We researched and tried to figure out a diet that would benefit Nick’s developing little body and mind, but were seriously limited by his severe allergies that disqualified several basic food groups.

When Nick was 17 months old, we visited a new pediatric allergist. His suggestion was to supplement Nick’s diet in a way that we had not considered. When presented with this new supplement, infant soy formula in a sippy cup, Nick guzzled it like he had stumbled upon water after wandering in the desert. He could not get enough of it that first day—sippy cup after sippy cup. It quickly became a normal part of his diet.

We saw immediate results. Nick never had one of his infamous vomiting episodes again, and he even began to gain weight. He started to have the energy to play, and he finally took his first toddling steps within a couple of weeks at 18 months old.

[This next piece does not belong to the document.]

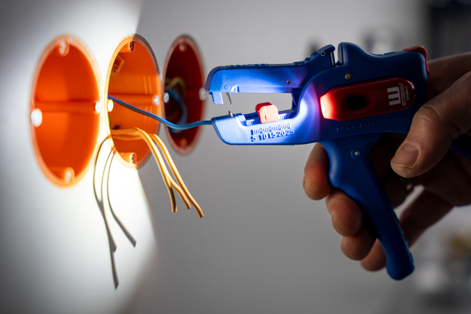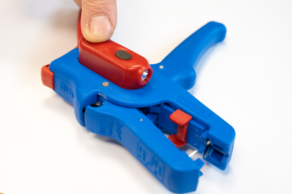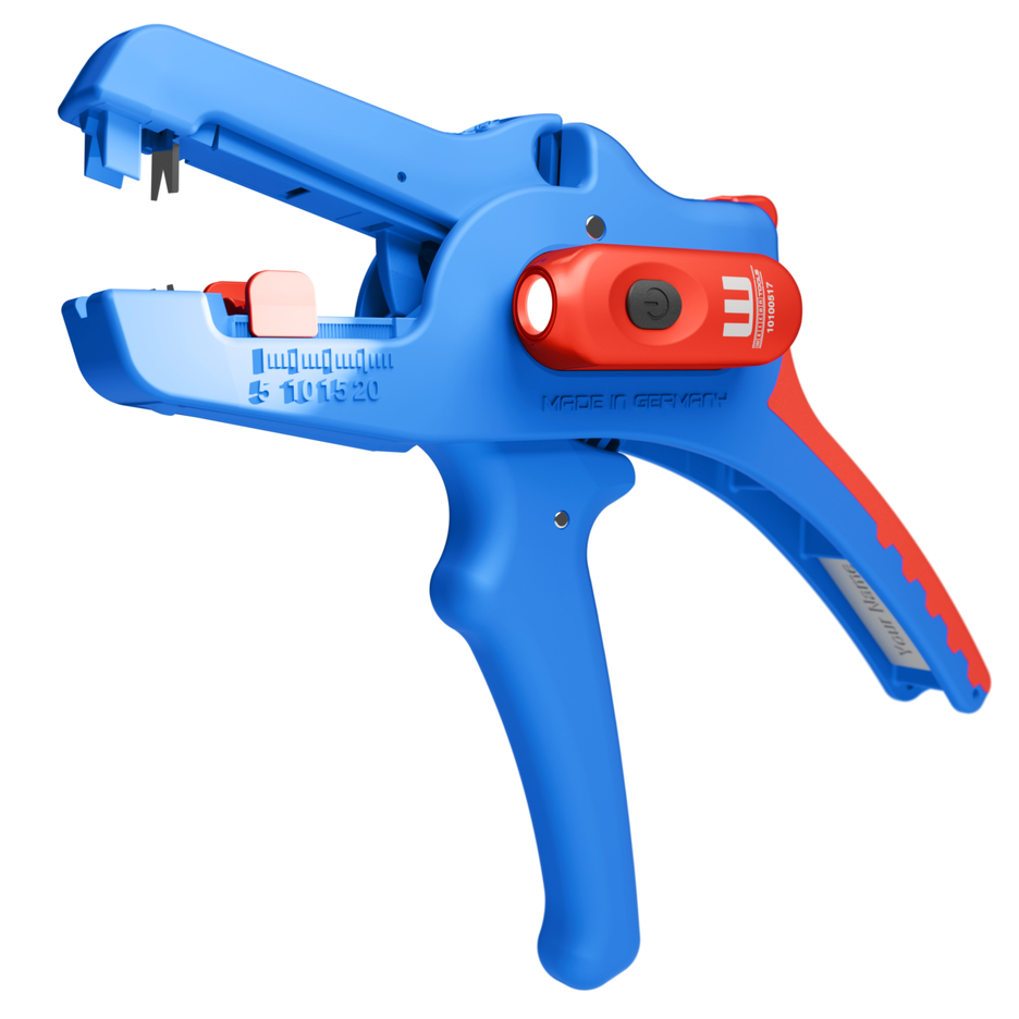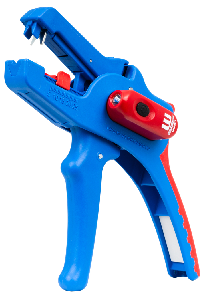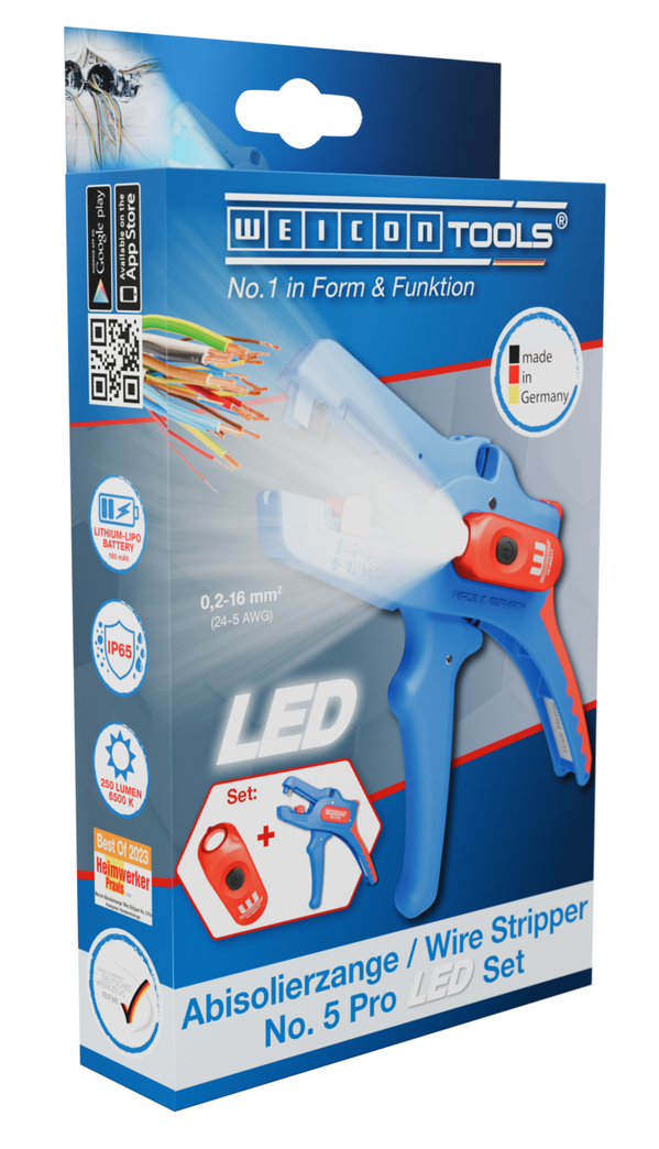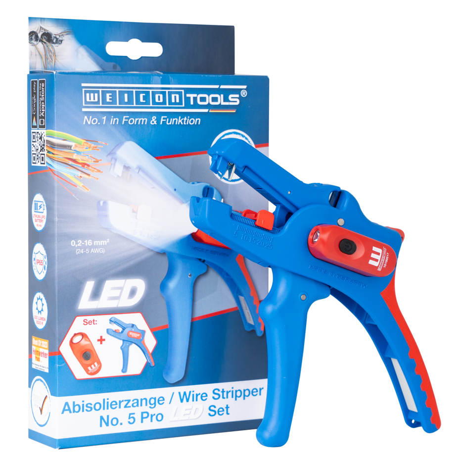 Wire Stripper No. 5 Pro: large, efficient working range from 0.2 mm² - 16 mm² | precise working due to adjustable length stop (5 - 25 mm) | integrated, easily accessible built-in side cutter up to 3 mm Ø Cu/Al |ergonomically designed anti-slip multi-component handle I LED Work Light: the integrated LED light ensures a well-illuminated working area that allows you to work safely with both hands I powerful and rechargeable lithium battery with 180 mAh I 2 hours of bright light (at level 2) after a charging time of 40 minutes I three brightness settings with up to 250 lumens, light colour: 6500K I dustproof, splash-resistant and impact-resistant housing made of polycarbonate, tested acc. to IP65 protection code I can be used with many WEICON TOOLS wire strippers

In time, light and life returned to his eyes. Nick’s physical health drastically improved with this supplementary nutrition. In the process, my wife and I, through research and personal experience, strengthened our own understanding of health and nutrition.

Most significant, perhaps, was our conclusion that nutrition for health is not one-size-fits-all.

The World Health Organization defines health thus: "A state of complete physical, mental and social well-being and not merely the absence of disease or infirmity.”

Health is very broad. I do not need to supplement my diet in the same way that my son did. I can eat foods that he is allergic to, and therefore experience health when he would react adversely.

Many purport perfect health by completing this protocol or closely following that diet plan, etc. Each of these experts and their explanations may have some truth within their philosophy, and there are clearly some guiding principles that most could agree on, but there is no one nutritional protocol that is absolutely correct for everybody’s most complete experience of health.

The physical health of each individual is as unique as each body.

Personal nutritional truths need to be understood individually, rather than photocopied for all. A person can benefit from examining many “one size fits all” diet plans. Each diet plan has good parts to incorporate into our own lives and other parts that would not benefit us as much as others.

As an extreme and specific example, Nick truly would not survive long on a diet made by and for someone else. We had to make a diet individual for him, and as he grows older, we continually teach him to think for his own body and find the parts best for him.

He is an example at almost seven years old of an individual finding health through personalized nutrition and dietary supplementation.

We know we're accessing Nick's personal health potential because of that healthy glow in his cheeks and the light in his eyes.